COVID-19. What You Need to Know. Part 1.

Updated: Mar 23


The COVID-19 pandemic is an emerging and rapidly evolving situation and information today may be outdated next week. But I will try to keep you updated with current information emerging from the CDC as well as from experts in the field. It is very important that you understand this virus, your risks and what you can do today to protect yourself, your family and your community.


The information that I will be providing about the Coronovirus is from Dr. Nashan Zhong, MD, PhD who was instrumental in the discovery of SARS-CoV in 2003 and in helping to control the current outbreak of COVID-19 in China since January. This remarkable physician and scientist has been working with researchers at Harvard since February to identify biomarkers and in the development of vaccines and antiviral therapies. This information provided by Dr. Zhong and others working daily with patients is of critical value today to understand best how to avoid getting ill from the virus, spreading the virus and recovering quickly.


What is COVID-19 and How it Infects Your Body


SARS-CoV-2 is the name of the virus that causes the COVID-19 disease. COVID-19 stands for Coronavirus Disease 2019.


The original SARS in 2003 is called SARS-CoV. The similarity in the genome is between SARS-CoV and SARS-CoV 2 is 80% and the mode of infection is also very similar with only a few differences in amino acids. Both use the ACE2 (Angiotensin-converting enzyme 2) receptor as its host receptor. To infect a human host, viruses must be able to gain entry into individual human cells.



The virus binds to ACE2 which is expressed in the kidneys, GI tract, blood vessels and importantly the lungs. After binding to the ACE2 receptor in the lungs, the virus infects the pneumocytes, replicates and damages that cell. This cellular damage can lead to profuse alveolar damage with fluid filling up the lungs. Some patients present with diarrhea and vomiting due to ACE2 receptors in the GI tract.

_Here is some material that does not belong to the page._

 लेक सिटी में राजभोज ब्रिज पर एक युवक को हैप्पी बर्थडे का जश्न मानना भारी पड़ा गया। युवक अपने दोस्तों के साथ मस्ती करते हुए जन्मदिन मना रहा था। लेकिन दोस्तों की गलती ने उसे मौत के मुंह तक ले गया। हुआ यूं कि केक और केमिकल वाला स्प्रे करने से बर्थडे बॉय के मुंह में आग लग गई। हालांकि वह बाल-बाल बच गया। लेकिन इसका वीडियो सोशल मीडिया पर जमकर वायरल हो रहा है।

Studies have shown that with COVID-19 it is not the immune response that is critical but the cellular damage that occurs due to the viral infiltration and replication. Thus, boosting your immune system is not the answer although supporting cellular health is important



Transmission of the Virus and Symptoms


Direct transmission is still the most common route which is why standard precautions are still valuable. Avoid crowded public places, avoid touching and shaking hand, avoid touching your face and wash hands frequently. Carry a bottle of hand sanitizer with you to use after going to the grocery store or other public buildings.




Slide from Dr. Zhong


Asymptomatic patients can be a carrier of the virus and transmit it to others, but this is not a common means of infection.


The Ro (reproductive number) represents how rapidly the disease spreads. This number keeps changing but is believed to be between 1.5 and 3.5. The common flu is 1.3 and SARS CoV1 was 2.

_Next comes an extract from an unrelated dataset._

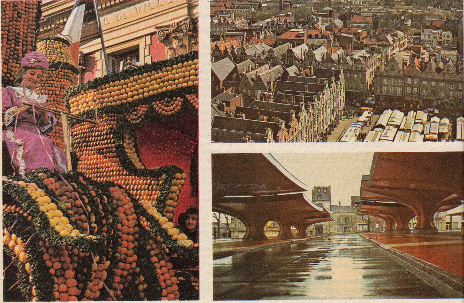 Altta, solda: Menton 'da limon şenliği. Ortada, sağda: Arras 'ta Heros alanındaki pazar yeri. XVII. ve XVIII. yy'dan kalma, Flaman üslubundaki evler, 1914 bombardımanlarından sonra eskiye uygun olarak onarıldı. Altta,sağda: Orleans 'da Marche alanındaki, XVI. yy'dan kalma eski evler ve modem hal binası.

Infants and children were infected in China, but symptoms were mild. None advanced to more serious conditions.


Pregnant women infected with COVID-19 were rigorously tested. The cord blood, placenta and infants were all tested, and no virus was found.

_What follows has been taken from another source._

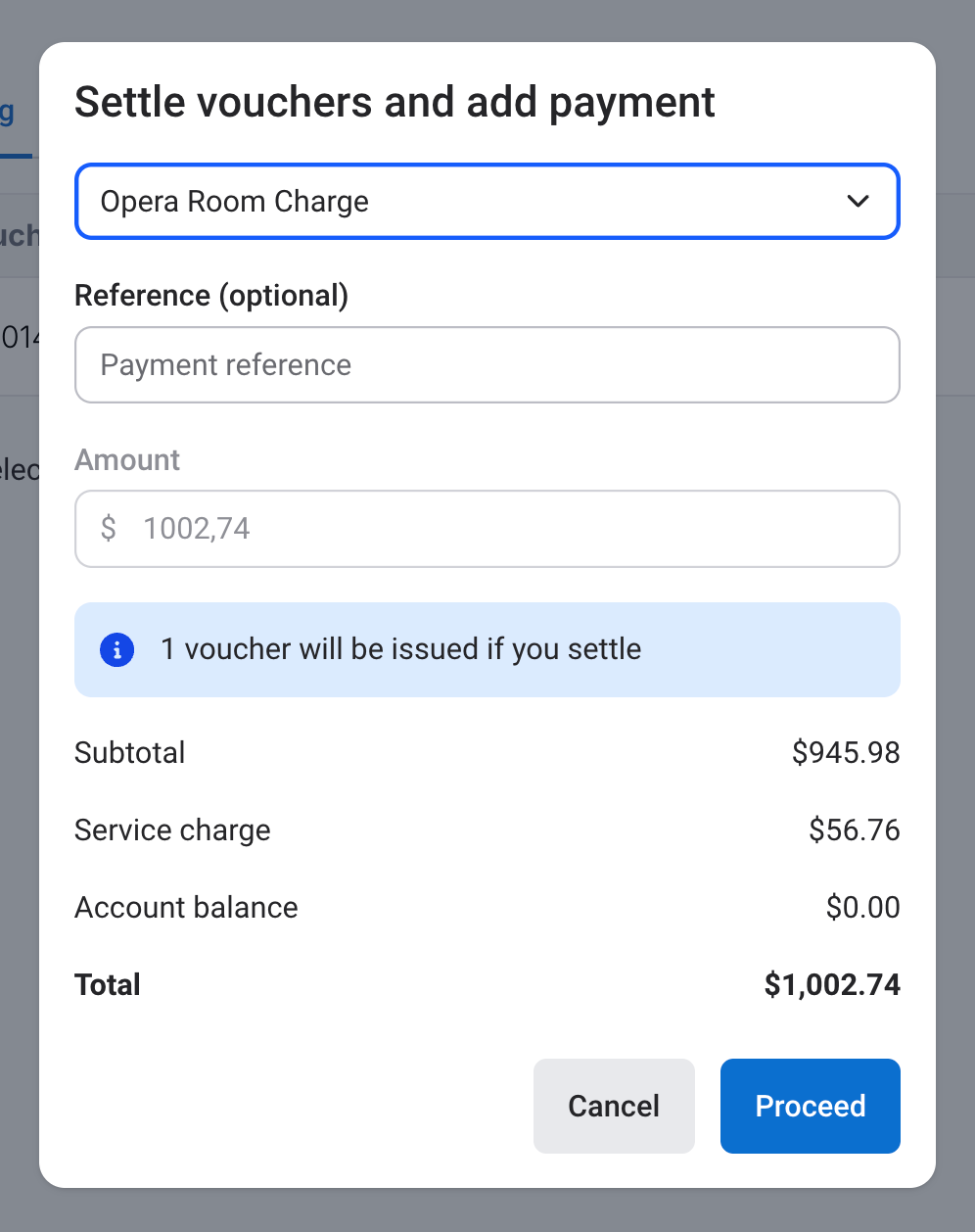 Refunds can also be posted back to the room charge. When cancelling a voucher, and refunding a payment, select Opera Room Charge as the Payment type for the refund.

The infection rate on the Diamond Princess cruise was high. Out of 3,711 passengers and crew members, 709 tested positive for the virus which is a 19.1% rate of infection. Of those with a positive test, 50% were 60 and over. This elevated infection rate reinforces the need to stay out of crowded public places with close contact.


Another very important question is whether recovered patients who show + RNA remain contagious. The reports from China is that this is doubtful due to the high levels of IgG antibodies which prevents recurrent infection.



Incubation period, which is time between exposure and onset of symptoms, varies from 2 days to as long as 14.

The aver age is 4 days. There were a few but very rare cases of almost 20 days of incubation period.



Most of the symptoms very similar to flu. Fever very common but many did not get a fever until after admission to the hospital. Cough, shortness of breath, sore throat, fatigue and fever are the most common symptoms. Congestion is usually not a problem. When the virus moves into the lungs, it causes pneumonia and possible progression to ARDS (Aute Respiratory Distress Syndrome) requiring oxygen and intubation.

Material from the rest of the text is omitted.